Kısaca bu üç büyük Oryantalist proje şunlardır: Birincisi, İslâm
düşüncesinin İmam-ı Gazâlî ile bittiği masalını yaymak... İkincisi, Cihan Devleti
Osmanlı’yı unutturmak… Üçüncüsü de, Hazreti Peygamber’in (sav) konumunu sarsmak…
Burada tedirgin edici mesele şu: Bu üç hedeften ilk ikisini
gerçekleştirmeyi -büyük ölçüde- başardı Batılılar ve içimizdeki “İrlandalılar”

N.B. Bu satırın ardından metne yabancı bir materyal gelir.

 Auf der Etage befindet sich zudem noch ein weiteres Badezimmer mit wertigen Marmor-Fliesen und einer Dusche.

yani Batılılar ve uzantıları, şimdi Efendimizin (sav) konumunu sarsmak için
hadîslere, Sünnete, mezheplere, bin 400 yıllık İslâm ilim, irfan ve hikmet
birikimine karşı büyük yıkıcı saldırıyı hayata geçirmekle meşguller!
Özellikle son günlerde meydana gelen birkaç mide bulandırıcı
taciz vakası bile bu konuyu izah eder. Batılıların bu üç mesele üzerinden
Müslüman toplumları hedef tahtasına yatırmasının başlıca nedeni, Osmanlı’nın
da, Gazâlî’nin de, Efendimizin (sav) de buluştukları çok hayatî ortak bir
noktanın olması vahdetidir. Hazreti Muhammed’in (sas) Rûhâniyetiyle üçü de
farklı açılardan, kendilerine göre “kurucu” konuma sahipler.

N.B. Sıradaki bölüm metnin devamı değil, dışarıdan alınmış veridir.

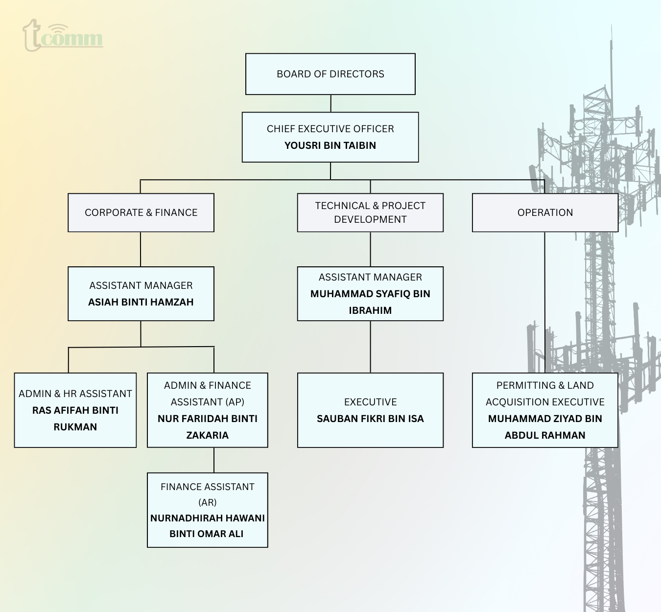 TERENGGANU TELECOMMUNICATIONS SDN BHD (TCOMM) is a One Stop Agency (OSA) for the state of Terengganu, appointed by Mentri Besar, Trengganu to monitor and coordinate the development of telecommunications infrastructure in Terengganu, inline with the regulations of State Local Authorities (PBT). Part of our role is also to advise and feed the state of Terengganu in infrastructures and digitalisation objectives adhering to state policy on information technology.

Hazreti Peygamber’in (sav) Sünneti akîdevî açıdan, Gazâlî fikrî
açıdan, Osmanlı da genelde medeniyet tarihi açısından ve özelde siyâsî açıdan
dün “kurucu” roller oynadılar; bugün ve daha önemlisi de yarın yine bu kurucu
rollerini oynayacaklar. Bu fikir, Haçlıların rüyalarını târumâr ediyor, edecektir
(inşâ-Allah).
Hazreti Peygamber’in konumu, değişkenlerin sâbiteleri
yutmasını ve dinin hayattan uzaklaştırılması tehlikesini önlüyor. Kur’ân’ın
hitabı, Sünnetle muhatabını buldu. Sünnet-i Seniyye, Kur’ân’ın ve hitabının,
sırasıyla Mekke sürecinde hayat bulmasını, Medîne sürecinde hayat olmasını,
Mekke ve Medîne süreçlerinin hâsılası demek olan medeniyet sürecinde ise bütün
insanlığa ve varlığa hayat sunmasını sağladı.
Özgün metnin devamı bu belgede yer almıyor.